_About this task_:
Up to and including the line that holds "I seem to have", print the data exactly from its first line; do not print the pictures.

_Supplied data_:

......

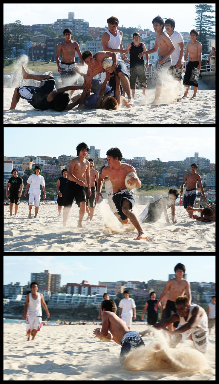 rugby at bondi beach, Australia. Was a lot of fun watching these guys. Best viewed in larger size
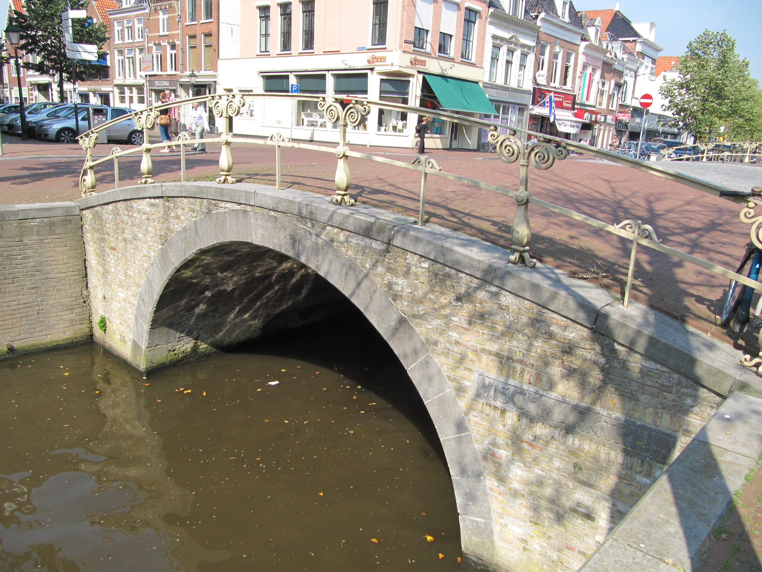 Vischmarktpijp , Voorstreek/Wortelhaven
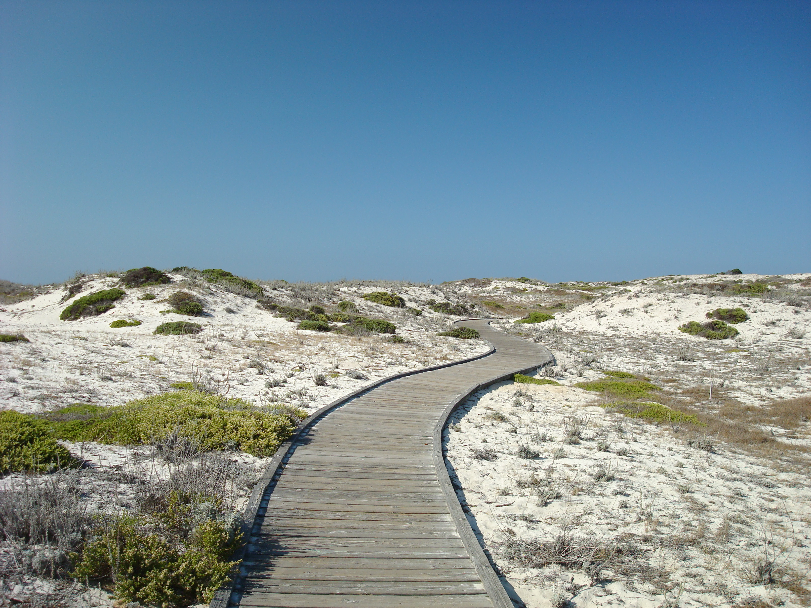 I seem to have a lot of shots looking down a trail. Asilomar State Park, CA
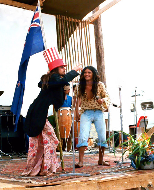 These photoes were taken by the official Nambassa photographer at the 1978 Nambassa Winter Show in New Zealand. Uploaded by Mombas 09:13, 3 May 2007 (UTC) Summary Terms of Use: 1/ All users of this image are required to attribute this work to "Nambassa Trust and Peter Terry" and the URL: " " is to accompany all use. 2/ Attribution. You must attribute the work in the manner specified by the author or licensor. 3/ For any reuse or distribution, you must make clear to others the license terms of this work. Statement by Nambassa Trust and Peter Terry

......

_Output of the exercise_:
 rugby at bondi beach, Australia. Was a lot of fun watching these guys. Best viewed in larger size
 Vischmarktpijp , Voorstreek/Wortelhaven
 I seem to have a lot of shots looking down a trail. Asilomar State Park, CA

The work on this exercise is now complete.